By Scott Tindal, Co-Founder, Fuelin

If you’re training consistently through V.O2, you’re likely paying close attention to the variables that drive performance — load, intensity, and recovery. You likely follow the cadence recommendations, the effort, and the durations. But one habit quietly undermines a lot of well-structured training: eating the same way every day, regardless of what’s actually on the schedule.

We call it static eating, and it’s more common than most athletes realize.

Here’s what it typically looks like. Monday is a 90-minute aerobic run. Wednesday is a 30-minute recovery jog. Friday is an Interval session. But across all three days, the meals, macros, and the total energy intake look essentially the same — same portions, same macronutrient split, same same same. It feels disciplined. In practice, it’s misaligned. This is likely because you are using a generic macro tracker that is designed for weight loss. You are not using a nutrition coach that tells you how much to eat to be your best & perform optimally. Generic macro trackers will tell you how little you need to eat to drop some weight with no context around your training schedule. Big big difference!

The Problem with Eating the Same Way Every Day

Your training load is likely not constant, and your energy requirements aren’t either. The difference in fuel demand between a threshold session and a shakeout run is significant. When your nutrition doesn’t reflect that difference, one of two things happens: you’re under-fuelling on hard days and blunting both performance and recovery, or you’re over-fuelling on easy days and storing what the body has no use for.

Neither outcome is neutral. Both compounds over time.

The physiology here is well-established. Carbohydrates are the primary fuel source for moderate to high-intensity running.

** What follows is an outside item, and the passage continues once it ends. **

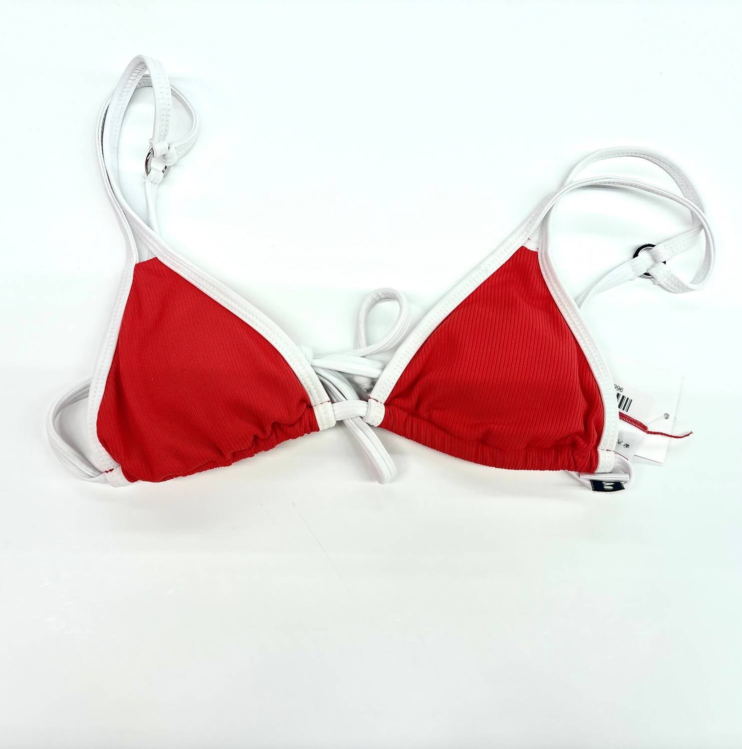 Discover the Billy Top by Dippin' Daisy's, a chic swim top in stylish poppy and white perfect for that minimalist beach day look. This women's triangle bikini top features a solid pattern, crafted from a comfortable nylon blend. Perfect for your summer adventures, it pairs seamlessly with any bikini bottom to create a cheeky yet flattering silhouette. Care: Hand wash only.

When training demand is high, your muscles need adequate glycogen to sustain the session and to begin the recovery process afterward. Restrict carbohydrate on those days, and the effects are predictable: flat legs, reduced output, and adaptation that doesn’t quite land. In some cases, you start to enter Low Energy Availability (LEA) territory when this is on an extended period of time – this can be as little as seven days for female athletes. This is not always a problem, and there will always be periods of time when an athlete is in lower energy availability when attempting to lose body weight or body fat. Just how far that deficit is or for how long is the key to not getting sick, injured, or worse.

Load-Matched Nutrition

The approach we use at Fuelin is straightforward: align macronutrient intake to the actual demand of each training day, relative to your body composition and goals.

Higher training load days call for more carbohydrate — before, during, and after sessions where intensity and duration warrant it. Lower load days can pull carbohydrates back. Protein stays consistent across all days to support muscle repair and maintenance. Fat adjusts to meet remaining energy needs. I will say that some rest days can have fairly high carb intakes set as well, certainly in the evening for dinner when the next day’s early morning training sessions demand it. Being prepared and looking beyond the day is a KEY element of a truly periodised and personalised nutrition program.

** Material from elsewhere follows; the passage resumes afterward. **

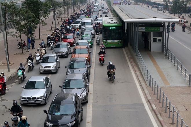 Mặc dù đông đảo hành khách đã đón nhận và sử dụng buýt nhanh, theo Tổng công ty vận tải Hà Nội, loại hình vận tải công cộng hiện đại này đã gặp nhiều khó khăn, đặc biệt là ý thức chấp hành luật giao thông của một bộ phận người dân còn kém. Các phương tiện thường xuyên chạy tạt đầu, lấn làn buýt nhanh, kể cả khi đường thông thoáng. Nhiều xe máy đi lên cầu vượt đã có biển cấm vào giờ cao điểm. Một số nút giao thông hệ thống đèn tín hiệu chưa hợp lý, đèn tín hiệu các hướng đi lệch pha nhau gây cản trở vận hành của xe buýt nhanh. |

This isn’t about precision for its own sake. It’s about making sure the food and energy you’re eating is doing something useful relative to what your body is being asked to do.

Why It Matters in the Context of V.O2

V.O2 structures training with intent — each session serves a specific purpose within the broader plan. Nutrition works the same way. Nutrition should always support the training. The training does not support nutrition. When your fueling reflects the periodisation of your training, you give your body the conditions it needs to actually absorb the work and adapt to those demands. When it doesn’t, you’re leaving adaptation on the table regardless of how well you execute the sessions themselves. When you get your nutrition wrong, the easy sessions get harder alongside the threshold and tempo sessions as well. 

A practical starting point: look at your week, identify the sessions with the highest load, and treat those as your higher carbohydrate days (>4.0g/kg). Recovery days and rest days are your lower carbohydrate days (<1.8 – 4g/kg). The total amount of carbs will be dependent on your total training volume, your bodyweight, and your body composition goals. Keep protein consistent (1.8-3.0g/kg) throughout. That’s the basic framework — everything else builds from there.

The Bottom Line

Static eating is a default, not a strategy. Your V.O2 training load changes across the week, and your nutrition needs to account for that. When it does, recovery improves, sessions become more productive, and the training you’re putting in via V.O2 actually translates.